(Supplied data begins)

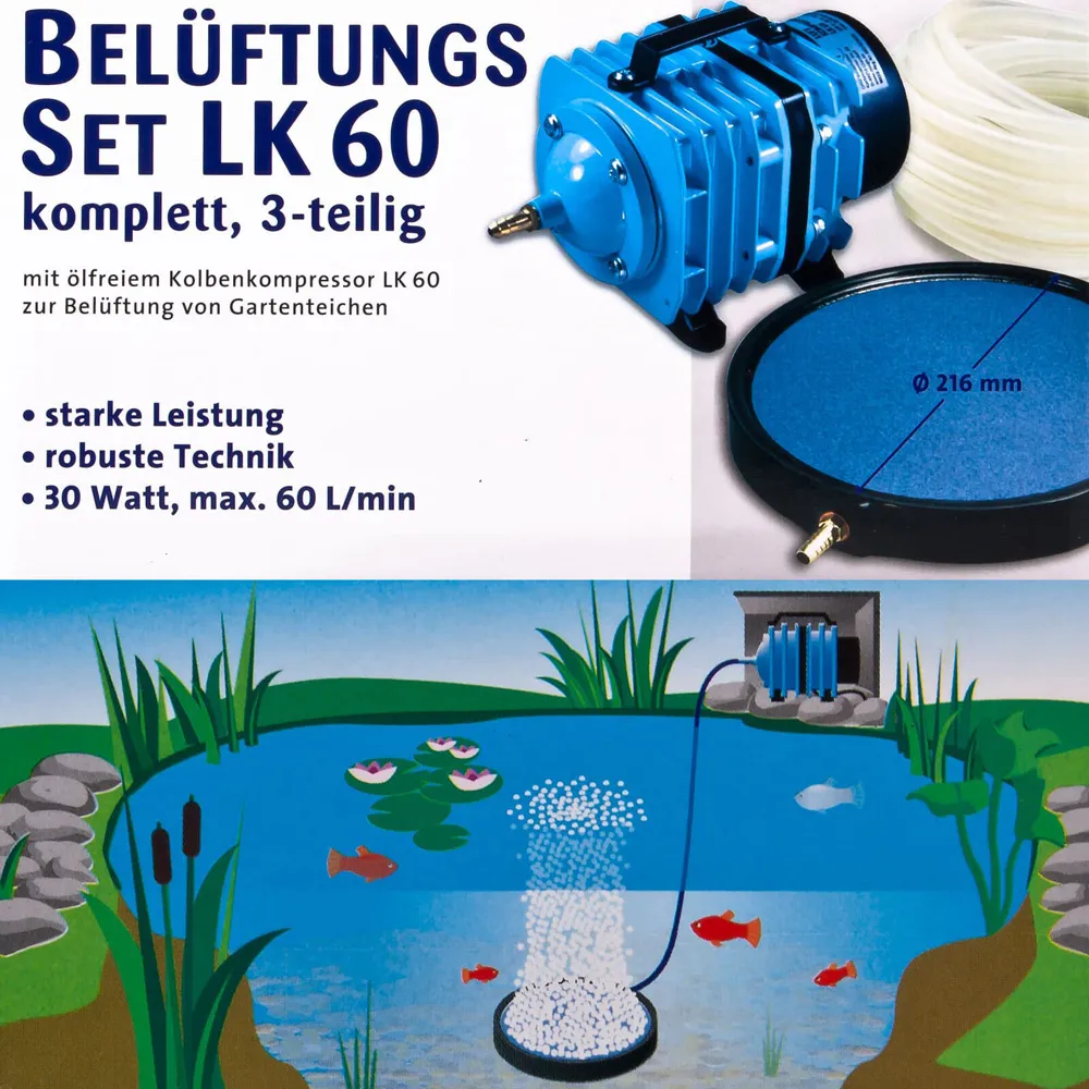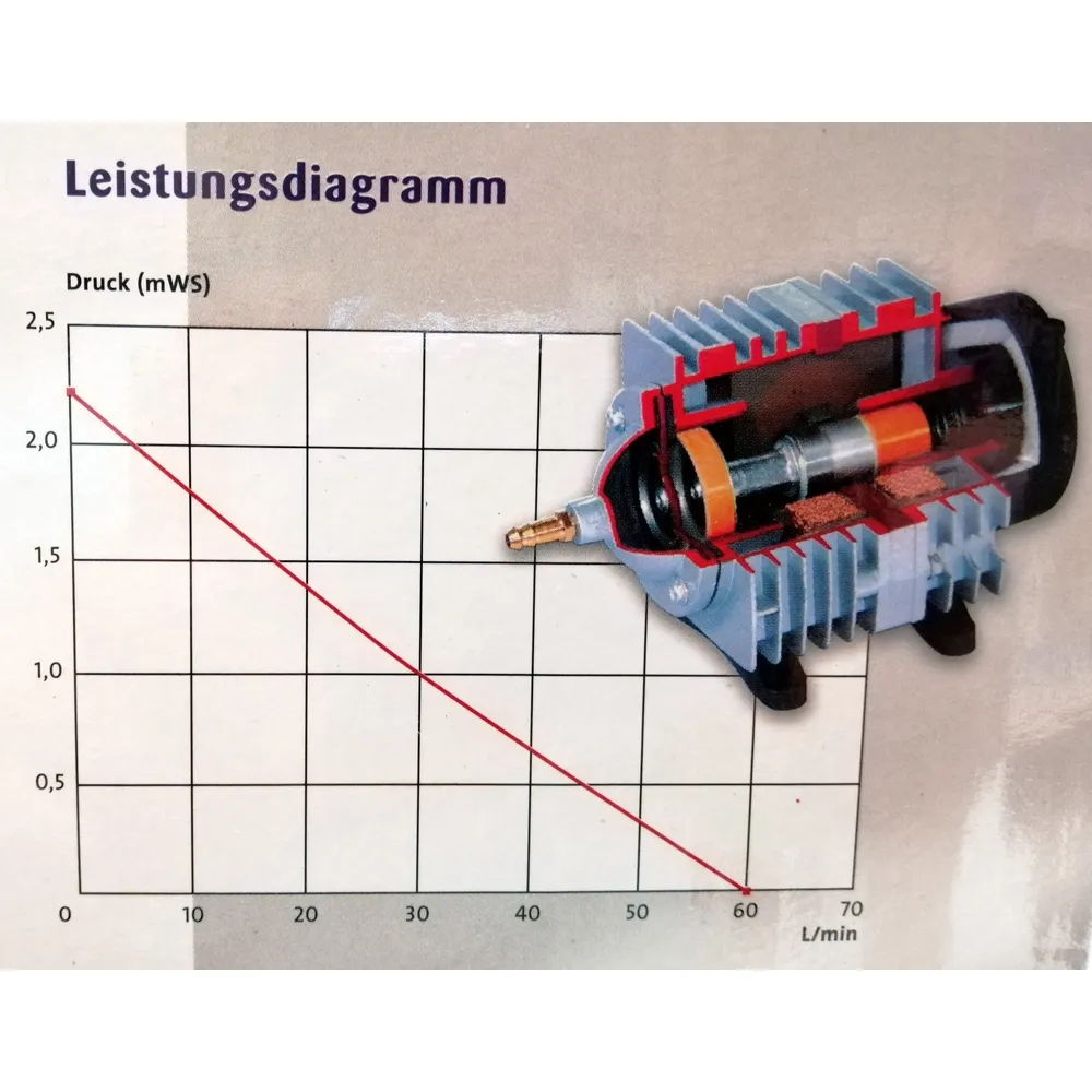 Výkonný, energeticky úsporný kompresor disponuje hliníkovým pouzdrem a je odolný proti stříkající vodě. Instalace je tedy možná ve venkovním prostředí. Kompresor LK-60 zajišťuje vysoký tlak a tím i flexibilní hloubku ponoru vzduchovacích kamenů (Max. 1,8 metry - 0,018 MPa *).
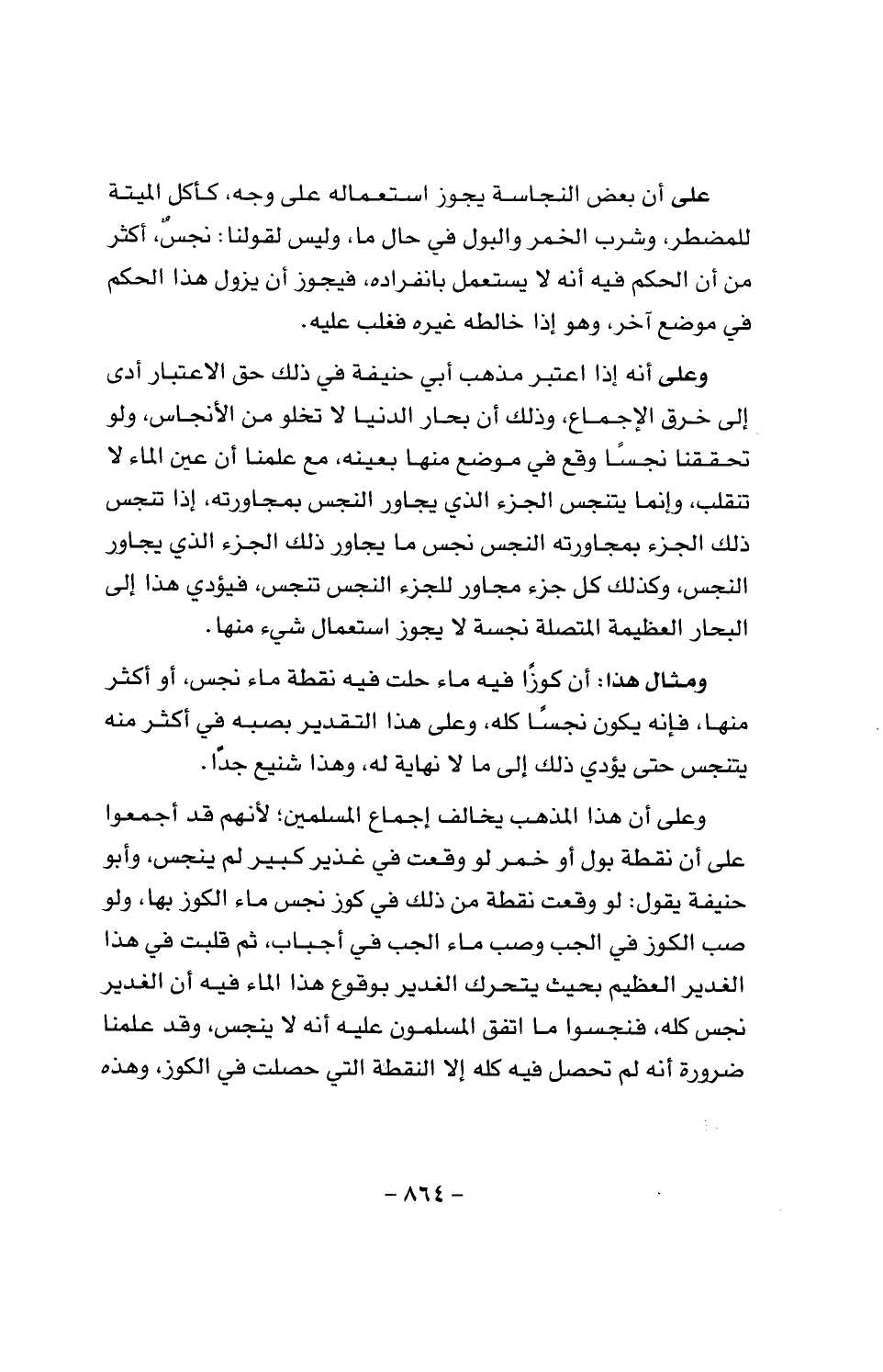 وعلى أنه إذا اعتبر مذهب أبي حنيفة في ذلك حق الاعتبار أدى إلى خرق الإجماع، وذلك أن بحار الدنيا لا تخلو من الأنجاس، ولو تحققنا نجسا وقع في موضع منها بعينه، مع علمنا أن عين الماء لا تنقلب، وإنما يتنجس الجزء الذي يجاور النجس بمجاورته، إذا تنجس ذلك الجزء بمجاورته النجس نجس ما يجاور ذلك الجزء الذي يجاور النجس، وكذلك كل جزء مجاور للجزء النجس تنجس، فيؤدي هذا إلى البحار العظيمة المتصلة نجسة لا يجوز استعمال شيء منها.
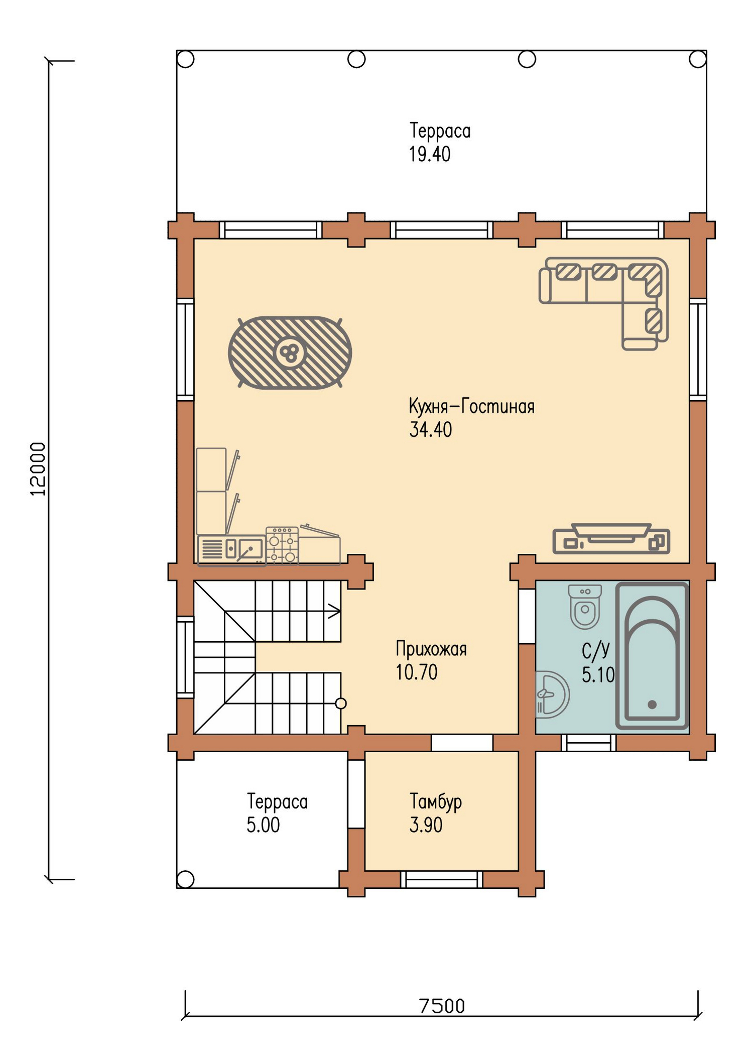 Дом из оцилиндрованного бревна "ОЦБ-120"

(Supplied data ends)

#### [Try it]
From the line containing "وعلى أنه إذا" down to the final line of the material above, reproduce each line exactly and include no images.

#### [Your solution]
 وعلى أنه إذا اعتبر مذهب أبي حنيفة في ذلك حق الاعتبار أدى إلى خرق الإجماع، وذلك أن بحار الدنيا لا تخلو من الأنجاس، ولو تحققنا نجسا وقع في موضع منها بعينه، مع علمنا أن عين الماء لا تنقلب، وإنما يتنجس الجزء الذي يجاور النجس بمجاورته، إذا تنجس ذلك الجزء بمجاورته النجس نجس ما يجاور ذلك الجزء الذي يجاور النجس، وكذلك كل جزء مجاور للجزء النجس تنجس، فيؤدي هذا إلى البحار العظيمة المتصلة نجسة لا يجوز استعمال شيء منها.
 Дом из оцилиндрованного бревна "ОЦБ-120"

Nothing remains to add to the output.